The reader need scarcely be told, after all that has been said about the variableness of weather in the High Alps, the chance was small indeed that we should find upon the 25th of June, or any other set day, the precise condition of affairs that was deemed indispensable for success. We had such confidence in the judgment of our friends, that it was understood amongst us the ascent should be abandoned, unless the conditions were manifestly favourable.

By five minutes to six we were at the top of the gully (a first-rate couloir, about 1000 feet high), and within sight of our work. Hard, thin, and wedge-like as the Ecrins had looked from afar, it had never looked so hard and so thin as it did when we emerged from the top of the couloir through the gap in the ridge. No tender shadows spoke of broad and rounded ridges, but sharp and shadowless its serrated edges stood out against the clear [pg 155]sky.[110] It had been said that the route must be taken by one of the ridges of the final peak, but both were alike repellent, hacked and notched in numberless places. They reminded me of my failure on the Dent d’Hérens in 1863, and of a place on a similar ridge, from which advance or retreat was alike difficult. But, presuming one or other of these ridges or arêtes was practicable, there remained the task of getting to them, for completely round the base of the final peak swept an enormous bergschrund, almost separating it from the slopes which lay beneath. It was evident thus early that the ascent would not be accomplished without exertion, and that it would demand all our faculties and all our time. In more than one respect we were favoured. The mists were gone, the day was bright and perfectly calm; there had been a long stretch of fine weather beforehand, and the snow was in excellent order; and, most important of all, the last new snow which had fallen on the final peak, unable to support itself, had broken away and rolled in a mighty avalanche, over schrund, névé, séracs, over hills and valleys in the glacier [pg 156](levelling one and filling the other), completely down to the summit of the Col des Ecrins, where it lay in huge jammed masses, powerless to harm us; and had made a broad track, almost a road, over which, for part of the way at least, we might advance with rapidity.

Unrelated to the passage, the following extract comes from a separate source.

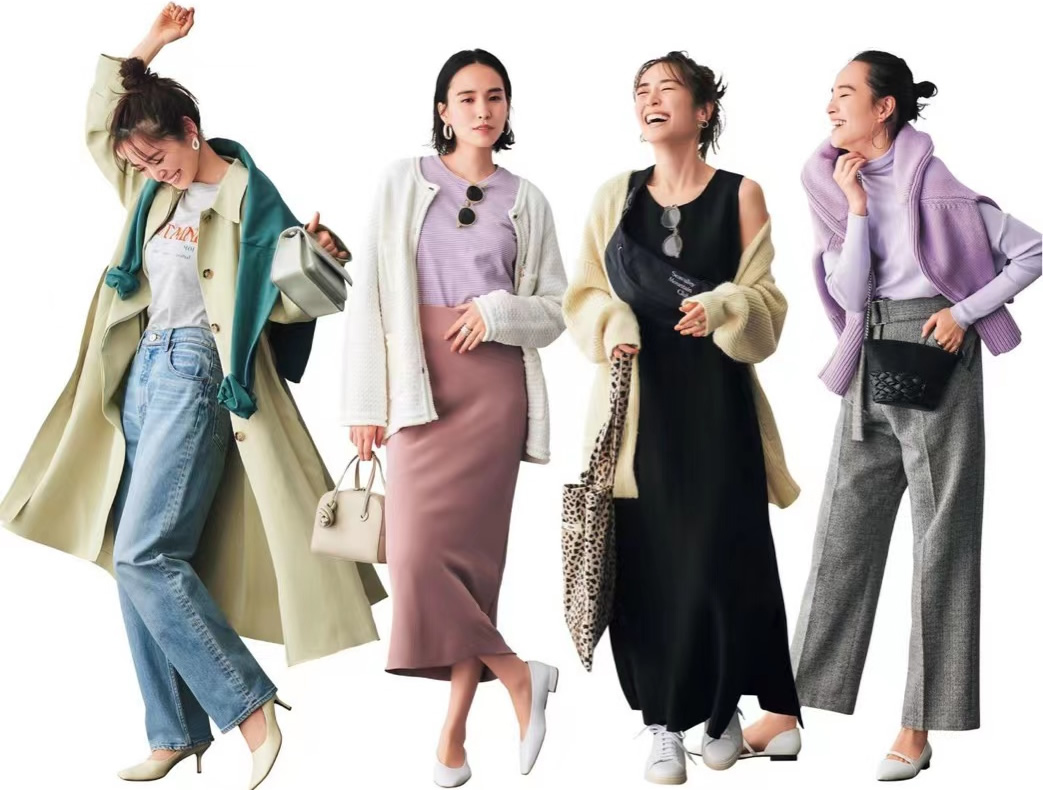 像上寬下緊、上短下長、外松內緊、上窄下寬…形成錯落有致的和諧組合,讓身材線條得以揚長避短。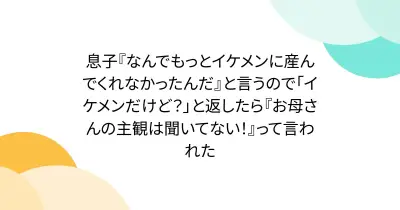 息子『なんでもっとイケメンに産んでくれなかったんだ』と言うので「イケメンだけど?」と返したら『お母さんの主観は聞いてない!』って言われた

We took in all this in a few minutes, and seeing there was no time to be lost, despatched a hasty meal, left knapsacks, provisions, and all incumbrances by the Col, started again at half-past six, and made direct for the left side of the schrund, for it was there alone that a passage was practicable. We crossed it at 8.10. Our route can now be followed upon the [annexed outline]. The arrow marked D points out the direction of the Glacier de la Bonne Pierre. The ridge in front, that extends right across, is the ridge that is partially shown on the top of the map at p. 146, leading from Roche Faurio towards the W.N.W. We arrived upon the plateau of the Glacier de l’Encula, behind this ridge, from the direction of D, and then made a nearly straight track to the left hand of the bergschrund at A.